Custom vocabulary

Looking to improve transcription accuracy?

For significantly better results, try our new approach using LeMUR Custom Vocabulary. This advanced method provides more precise recognition for domain-specific terms and proper nouns without the formatting limitations of traditional word boosting.

To improve the transcription accuracy, you can boost certain words or phrases that appear frequently in your audio file.

To boost words or phrases, include the word_boost parameter in the transcription config.
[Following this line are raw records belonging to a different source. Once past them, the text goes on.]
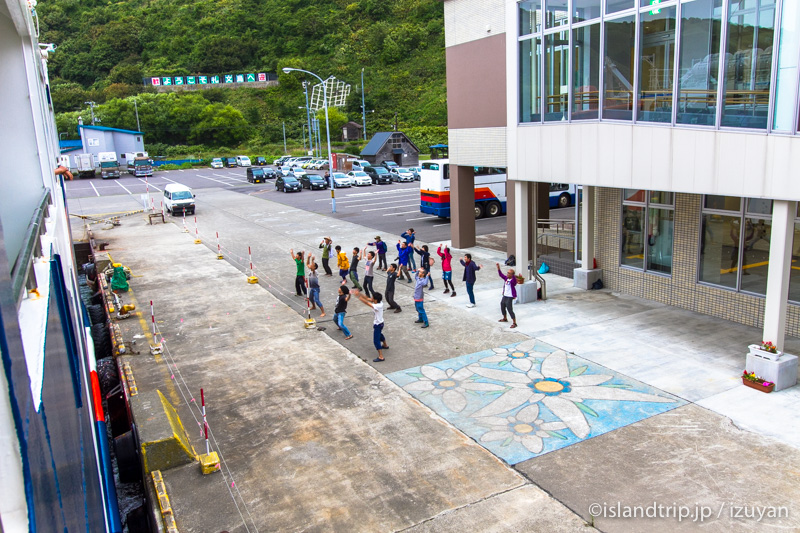 「結構しっとりしてしまった・・・」それでも強風にあおられつつもなんとか香深港を目指します。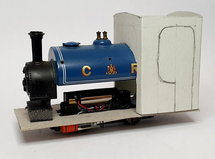 To see if it would be possible to do a pug conversion using the Bachman Rheneas chassis I spend a happy couple of hours in the sunshine making this cardboard mock up.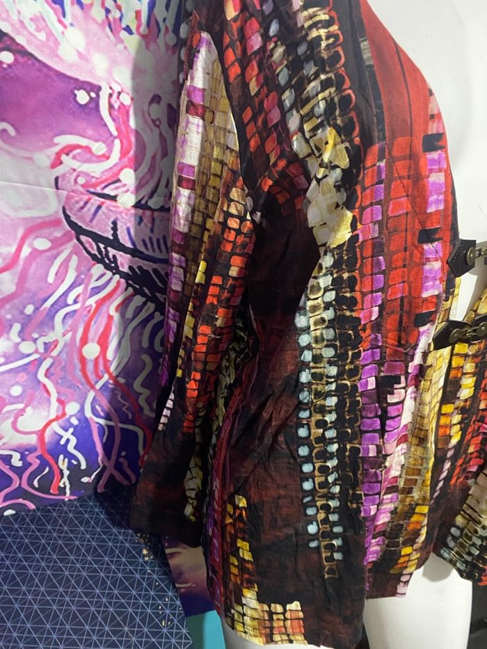 Peut se porter comme blouse avec un débardeur ou simplement comme gilet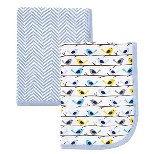 - Hudson Baby 2 Piece Interlock Cotton Swaddle Blanket, Blue Birds

You can also control how much weight to apply to each keyword or phrase. Include boost_param in the transcription config with a value of low, default, or high.

1import assemblyai as aai
2
3aai.settings.api_key = "<YOUR_API_KEY>"
4
5# audio_file = "./local_file.mp3"
6audio_file = "https://assembly.ai/wildfires.mp3"
7
8config = aai.TranscriptionConfig(
9 word_boost=["aws", "azure", "google cloud"],
10 boost_param="high"
11)
12
13transcript = aai.Transcriber(config=config).transcribe(audio_file)
14
15if transcript.status == "error":
16 raise RuntimeError(f"Transcription failed: {transcript.error}")
17
18print(transcript.text)

Follow formatting guidelines for custom vocabulary to ensure the best results:

  • Remove all punctuation except apostrophes.
  • Make sure each word is in its spoken form. For example, iphone seven instead of iphone 7.
  • Remove spaces between letters in acronyms.

Additionally, the model still accepts words with unique characters such as é, but converts them to their ASCII equivalent.

You can boost a maximum of 1,000 unique keywords and phrases, where each of them can contain up to 6 words.